Mass spectrometry is a commonly used analysis method known for its sensitivity and accuracy; however, most available mass spectrometers require that a sample be specially prepared and placed in a for analysis. Cooks and his team developed a technique, called ambient ionization, that allows critical steps to be performed in the air or directly on surfaces outside of a mass spectrometer. Molecules from the sample's surface of the sample are then vacuumed into the equipment for analysis.

Conventional mass spectrometers also are cumbersome instruments that weigh more than 300 pounds. The miniature mass spectrometer Cooks' team developed, called the mini 10.5, is a handheld device roughly the size of shoebox that weighs 22 pounds.

"Accuracy is the price we pay for a much faster, cheaper and easier technology that can be taken out into the field almost anywhere," Cooks said. "The minis are not as precise as a standard mass spectrometer, but it would be a good first line defense to indicate when additional testing is necessary."

Fred Whitford, coordinator of the Purdue Pesticide Programs, said the ability to sample food quickly would be a great benefit to the regulation industry.

"Sometimes a test result comes too late and the food is already out, which can be a serious problem," Whitford said. "Currently only about 2 percent of the food is pulled and tested, and perhaps a faster and cheaper test would allow more samples to be taken."

The U.S. Department of Agriculture's most recent report stated that chemical residues exceeded the legal limits on 0.3 percent of the samples tested and 2.7 percent of the samples tested were found to have pesticides not approved for that crop, Whitford said.

"Chemicals can be misused in a variety of ways," he said. "Sometimes they are applied in the wrong amounts, sometimes the crop is harvested too soon after chemical application and sometimes a chemical is used that is not approved."

Graduate student Santosh Soparawalla and postdoctoral researcher Fatkhulla Tadjimukhamedov performed the grocery store field tests, which were limited to detecting the fungicide benzimidazole on oranges and the scald inhibitor diphenylamine on apples. Scald is a brown discoloration that appears on apples during storage.

"We could easily distinguish between treated produce, which had a strong signature for the chemicals, and organic produce, which showed no chemical residue on its surface," Soparawalla said. "This could be the first step toward a day when everyone will have the ability to make an informed decision of what they want to purchase and eat based on an analysis of the specific items."

In addition to the pilot test to validate the technology in the field, the team evaluated the quantities of diphenylamine, or DPA, present in a treated apple. The U.S. Environmental Protection Agency's limit for the concentration of DPA on an apple is 10 parts per million.

The team estimated a concentration of 15 parts per million of DPA was present on an apple, but the margin of error for the test is large enough that the concentration could easily be within the regulated limits, Soparawalla said.
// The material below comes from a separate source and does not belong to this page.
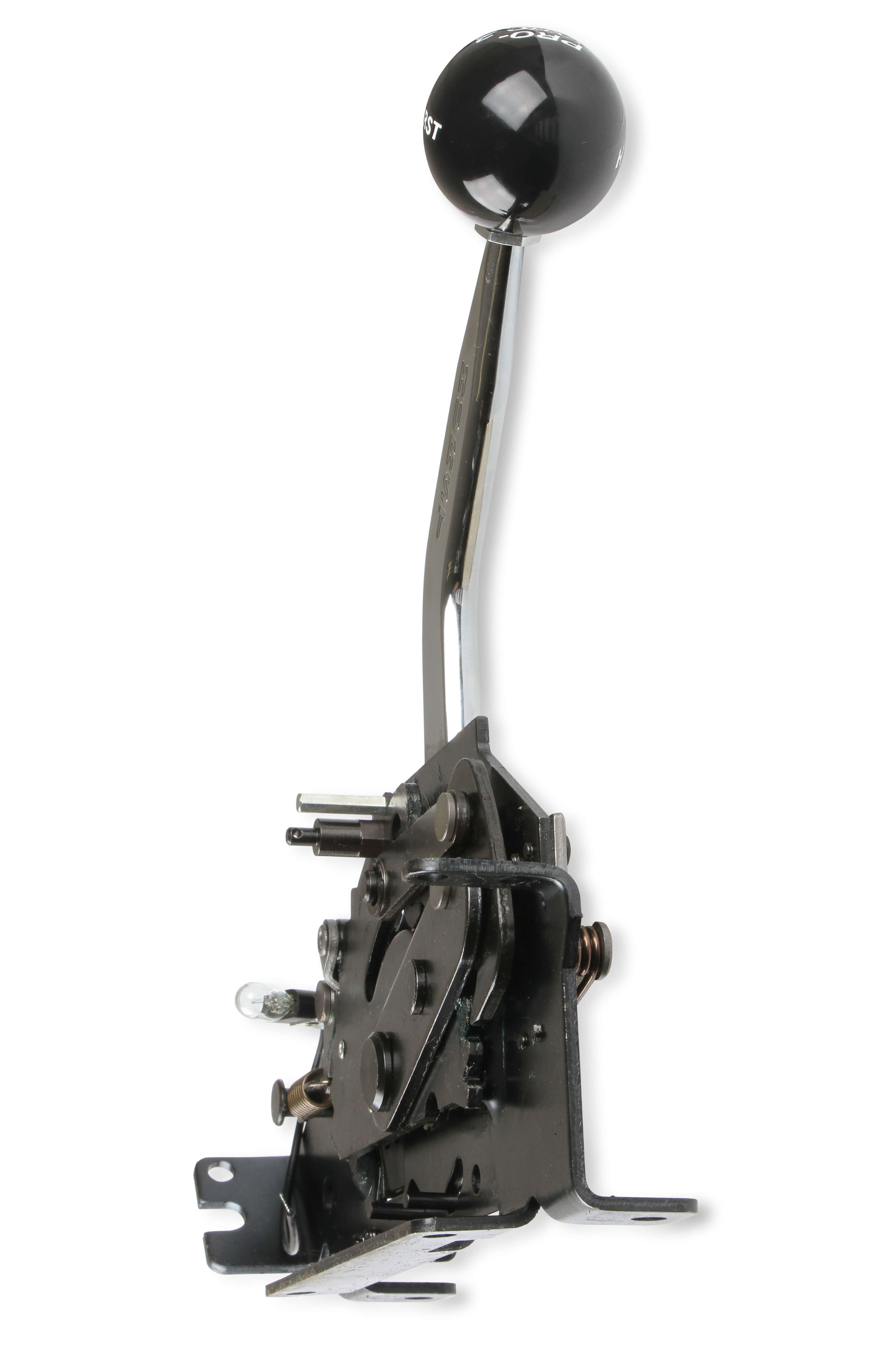 Universal 3-speed Automatic Ratchet Shifter; The Hurst® Pro-Matic®2 ratchet shifter with its chrome-plated stick and black knob is quality engineered for years of precise, trouble-free operation. Once the shifter is installed, the textured console and brilliant top cover that can be trimmed to fit any floor contour integrates the shifter with the interior. While easy on the eyes, this shifter is not all about looks. On the street, you will enjoy the ride as you freely tap the stick from gear to gear. If you decide to transfer your beauty of a machine to the track, give it all you’ve got because this shifter is built to handle the most powerful shifts and the special positive reverse Loc/Out meets NHRA and IHRA technical requirements. This shifter comes complete with all the hardware required to make installation a breeze including a 5-ft long heavy-duty shifter cable and instructions. Also includes a neutral safety and back-up light switch assembly. Notes: Ford AOD transmissions require B&M cable bracket & lever kit 40496. Compatible with Fwd/Rev pattern valve bodies. Overall Dimensions 12.65L x 5.6W x 11.5H;

"These tests of apples demonstrate how this technology could be a part of a larger regulatory system. The experiments were not a robust scientific examination of the levels of chemicals present on produce," Cooks said. "The test is what's called a factor of two test, meaning the actual concentration could be half or could be twice as much as the approximation. The results were not statistically above the legal limit, but it is food for thought."

The team also examined the distribution of the chemical in a cross section of the apple and found DPA throughout, with the greatest concentrations in the skin and near the core of the apple, Cooks said.
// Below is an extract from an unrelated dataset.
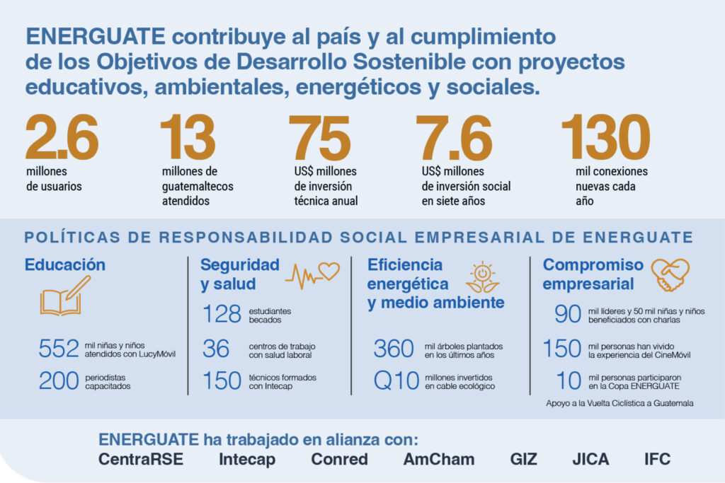 Con una cobertura que acompaña diariamente a más de 13 millones de guatemaltecos, la distribuidora de electricidad más grande de Guatemala no se limita a entregar energía. Su labor se extiende hacia un impacto social que mejora la educación, fortalece la economía local y abre puertas a servicios básicos para la vida de miles de familias, una contribución al cumplimiento del país de los Objetivos de Desarrollo Sostenible de las Naciones Unidas. Por ello, la sostenibilidad es una práctica real en la empresa, y se refleja en los US$7.6 millones invertidos en el último septenio para promover ese desarrollo.

"It appears that washing or peeling an apple may not reduce one's exposure to the chemical much," Cooks said. "If the approximate levels held true, eating one apple a day would bring a person to the daily limit of exposure to diphenylamine."

The team found that benzimidazole was limited only to the skin of the orange.

The team tested two ambient ionization methods. Both involve ionizing molecules on a sample's surface. This ionization step gives charge to the molecules and allows them to be identified by the mass spectrometer.

In the first method, called paper spray ionization, a sample is wiped with a common lens wipe wet with alcohol. A small triangle is then cut from the wipe and placed on a special attachment of the miniature mass spectrometer where a high voltage is applied. The mixture of alcohol and residues from the sample's surface become fine droplets containing ionized molecules that pop off of the wipe and are vacuumed into the mass spectrometer for analysis.

In the second method, called low temperature plasma ionization, a special probe sprays a collection of charged particles onto the sample's surface using a slow stream of helium gas. The charged particles ionize molecules on the sample's surface, which then bounce off the surface and are vacuumed into a for analysis.

This work was presented on Tuesday (June 7) at the American Society for annual meeting in Denver. Funding from the National Science Foundation and Thermo Fisher Scientific supported this work.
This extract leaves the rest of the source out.